Craig Atkins

Personal information
- Full name: Craig Stuart Atkins
- Born: 29 May 1966 (age 60) Melbourne, Victoria, Australia
- Batting: Left-handed
- Bowling: Slow left-arm orthodox
- Role: All-rounder

Domestic team information
- 1995: Northamptonshire
- Only First-class: 18 May 1995 Northamptonshire v Surrey
- Only List A: 27 August 1995 Northamptonshire v Nottinghamshire

Career statistics
| Competition | First-class | List A |
| Matches | 1 | 1 |
| Runs scored | 13 | – |
| Batting average | 13.00 | – |
| 100s/50s | 0/0 | –/– |
| Top score | 8* | – |
| Balls bowled | 66 | 26 |
| Wickets | 1 | 0 |
| Bowling average | 46.00 | – |
| 5 wickets in innings | 0 | – |
| 10 wickets in match | 0 | – |
| Best bowling | 1/46 | – |
| Catches/stumpings | 0/0 | 0/0 |
- Source: CricketArchive (subscription required), 5 November 2011

= Craig Atkins =

Australian cricketer

Craig Atkins (born 29 May 1966) was an Australian cricketer. He was a left-handed batsman and left-arm slow bowler who played for Northamptonshire. He was born in Melbourne.

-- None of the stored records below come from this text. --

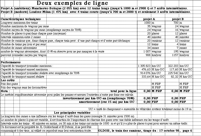 Pour être performant le système GOLDOR nécessite des lignes longues (au moins 2000 km) avec des possibilités d'arrêts tous les 200 à 300 km. Ceci permet une offre très variée et très souple. Pour illustrer notre proposition voici quelques lignes avec gares de correspondance en gras.
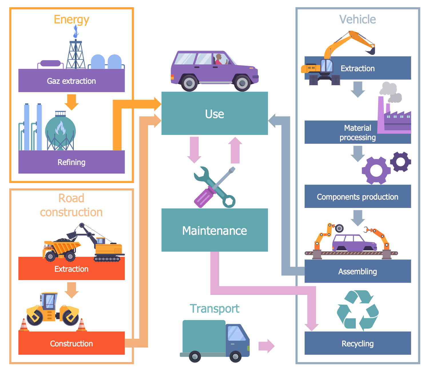 This sample shows an auto life cycle and is a way of its whole-life cost accounting from the construction to recycling. The cost of living is a key component of economic valuation. It includes financial costs for the material extraction and processing, auto production and operation, and longer-term costs including maintenance, depreciation, and recycling. It also contains environmental and social costs including energy extraction and refining costs, road construction, environmental costs, disaster preparedness and recovery costs, etc. These data have value for both manufacturers and consumers. They allow manufacturers to analyze and minimize whole-life costs considering direct, indirect, and intangible costs and draw conclusions about environmental costs. They also help consumers to compare several modifications, evaluate their value, costs, and benefits, and make a purchase decision. Because low costs to create or purchase do not mean further low long-term maintenance and operation costs. Furthermore, the initial saving may cause increased maintenance expenditure throughout the life cycle. A little additional initial investment can significantly decrease maintenance costs and help to create a worthwhile cost-effective product. The whole-life cost helps consumers choose a car that fits their needs and has the highest benefit-cost ratio option.
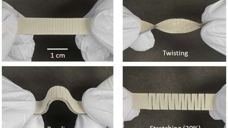 新傳感器由嵌入彈性聚合物中的銀納米線網(wǎng)絡(luò)組成。聚合物具有均勻深度的平行切割圖案,從材料的任一側(cè)交替:從左側(cè)切割一個,然后從右側(cè)切割一個,然后從左側(cè)切割一個,依此類推。
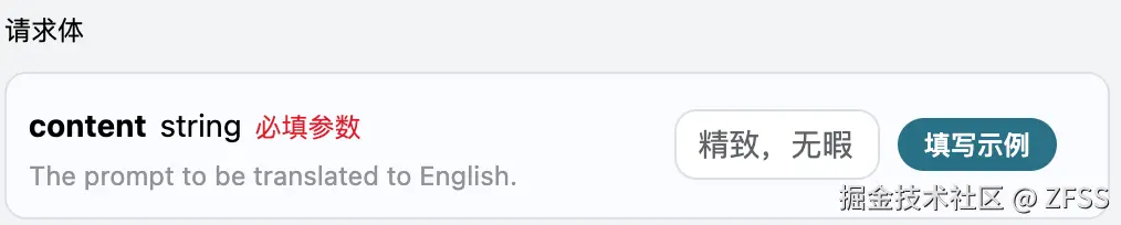 可以看到,结果中有一个 content 字段,里面包含了翻译后的英文描述词,它是对应中文描述词的翻译结果。
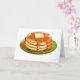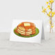 Este design é um cheio de pratos de panquecas deliciosas. No prato estão três panquecas com xarope de bordo rolando sobre eles e um pouco de manteiga derretendo no topo. Eles parecem tão deliciosos. Este design de panquecas parece excelente nestas placas de saudação
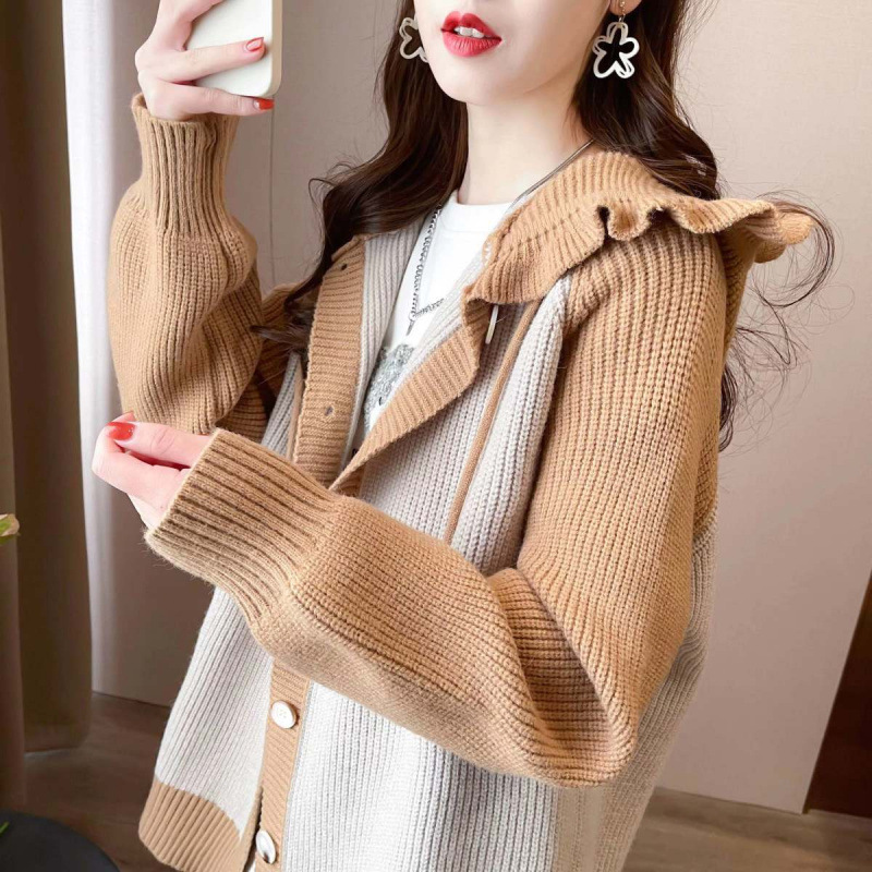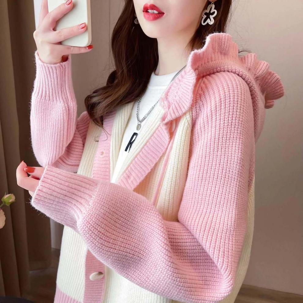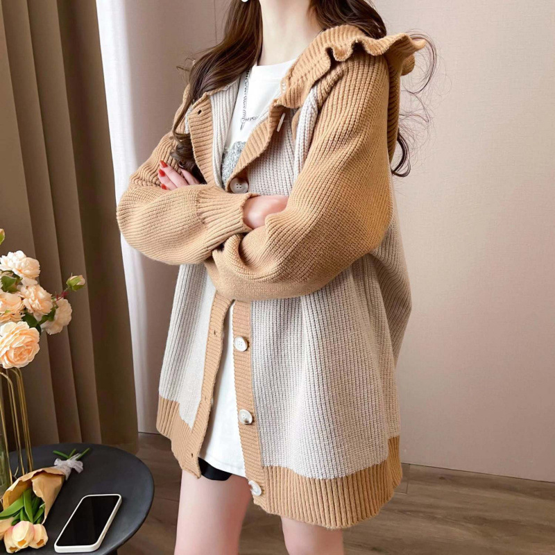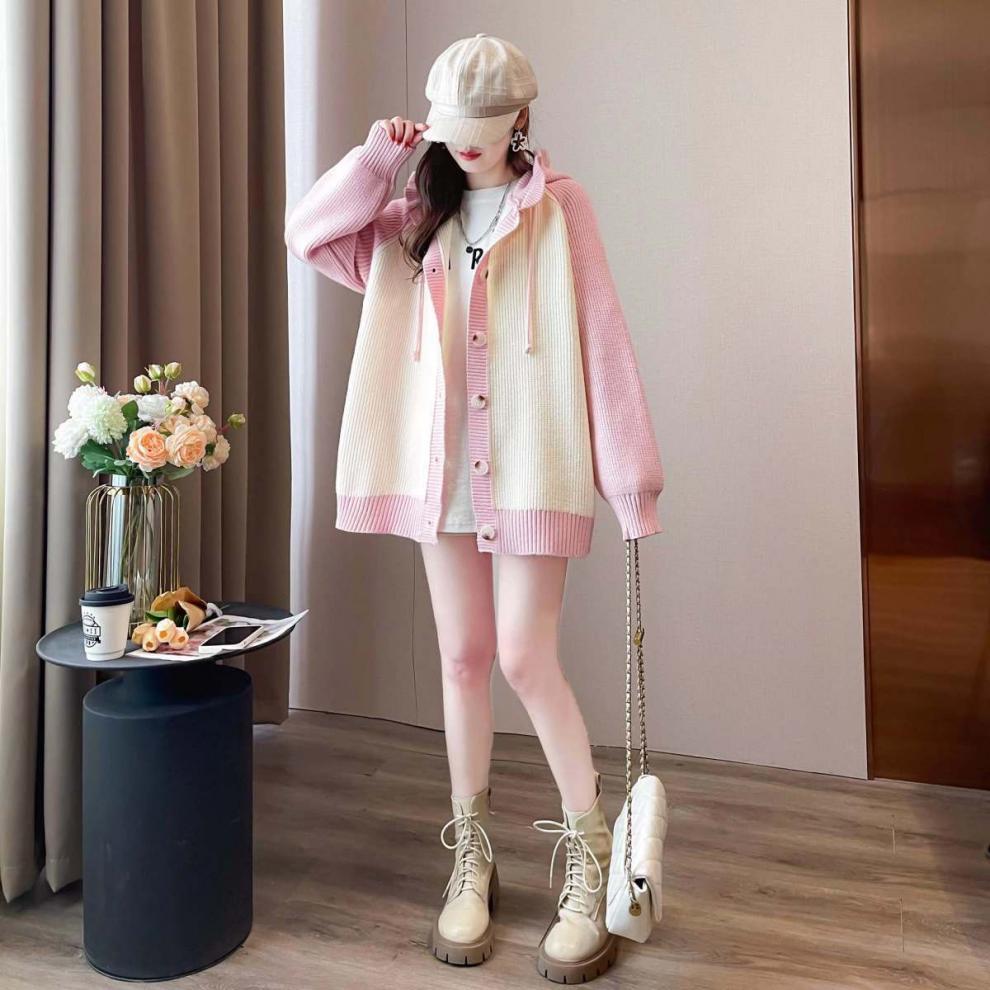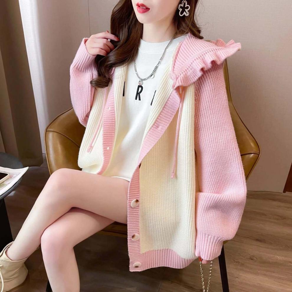 플러스 사이즈 지방 mm200 kg 인형 후드 니트 오픈 여성용 셔츠 가을과 겨울 2024 새로운 느슨한 연령 감소 스웨터 코트스토어 가기
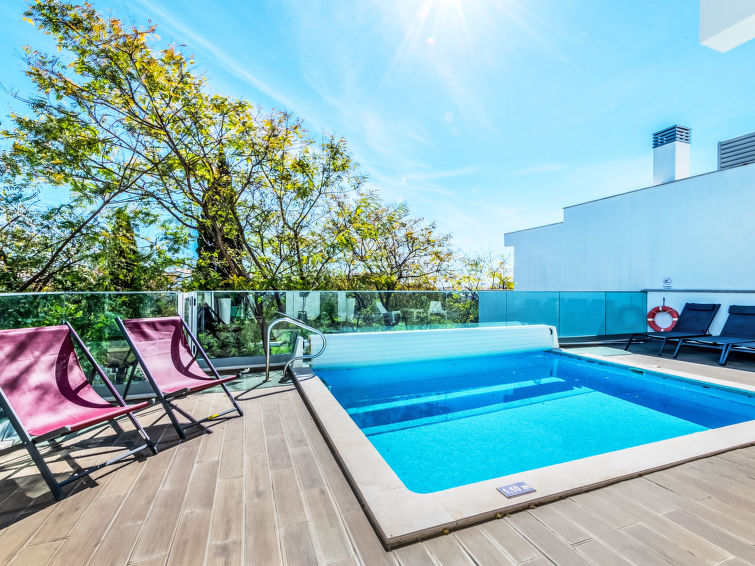 "Sónia", 4 rom hus 245 m2. Romlig og lys, meget komfortabelt og moderne møbler: stue/spisestue med, kabel-TV, internasjonale TVkanaler, flatskjerms TV, air-conditioning og varmluft oppvarming. Utgang til terrassen, til badebassenget. 1 rom med, 1 dobbeltseng (160 cm, lengde 200 cm), air-conditioning og varmluft oppvarming. 1 rom med, 1 dobbeltseng (160 cm, lengde 200 cm), bad/WC, air-conditioning og varmluft oppvarming. Utgang til terrassen, til badebassenget. 1 rom med 2 senger (90 cm lengde 200 cm), air-conditioning og varmluft oppvarming. Utgang til terrassen, til badebassenget. Åpent kjøkken (stekeovn, oppvaskmaskin, 4 keramiske kokeplater, brødrister, vannkoker, mikrobølgeovn, frys, kjøkkenøy). Utgang til terrassen, til badebassenget. Dusj/WC. Terrassemøbler, balkongmøbler grill, liggestoler (4). Panoramautsikt av havet og området. Fasiliteter: vaskemaskin, høy barnestol barneseng for barn opp til 2 år (ekstra). Internett (trådløs LAN [WLAN], gratis). Parkeringsplass ved hbrukt. Velegnet for familier. 111329/AL
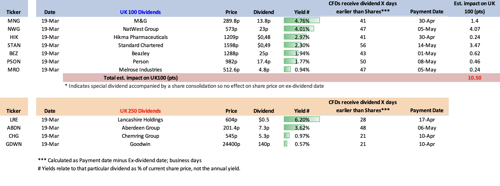 Upcoming UK100/250 Dividend List
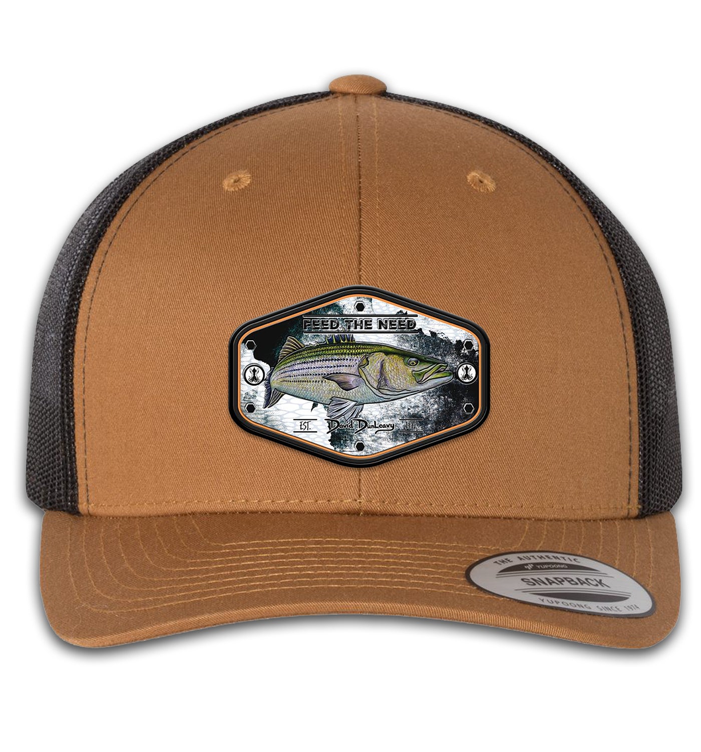 Unlock ultimate comfort with Stripah Kraken performance hat, designed by acclaimed marine life artist David Dunleavy. This Stripah Kraken 6 Panel Trucker Snap Caramel Black Hat is perfect for daily wear, on or off the water. Featuring a mesh back and snap back closure, it's ideal for warmer climates, providing superior ventilation. Its design showcases a striped bass and kraken designs, ensuring maximum comfort. One size fits most.

Atkins made his Second XI debut for the side during the 1990 season, though he did not make another appearance in the competition until 1994, when he played for Essex Second XI. The following month, he also played in matches for Hampshire, Leicestershire, and Northamptonshire Second XI teams.

Receiving British citizenship in early 1995, Atkins was signed to a one-year deal with Northamptonshire in February 1995. During the 1995 season, Atkins made his only first-class appearance, against Surrey. From the tailend, he scored 5 runs in the first innings in which he batted, and 8 not out in the second. From 11 overs of bowling, he took figures of 1–46, his only wicket being that of Mark Butcher.

Atkins made a single List A appearance in the same season, though he did not bat in the match.

Between 1997 and 1998, Atkins played for Cumberland in the Minor Counties Championship and MCC Trophy.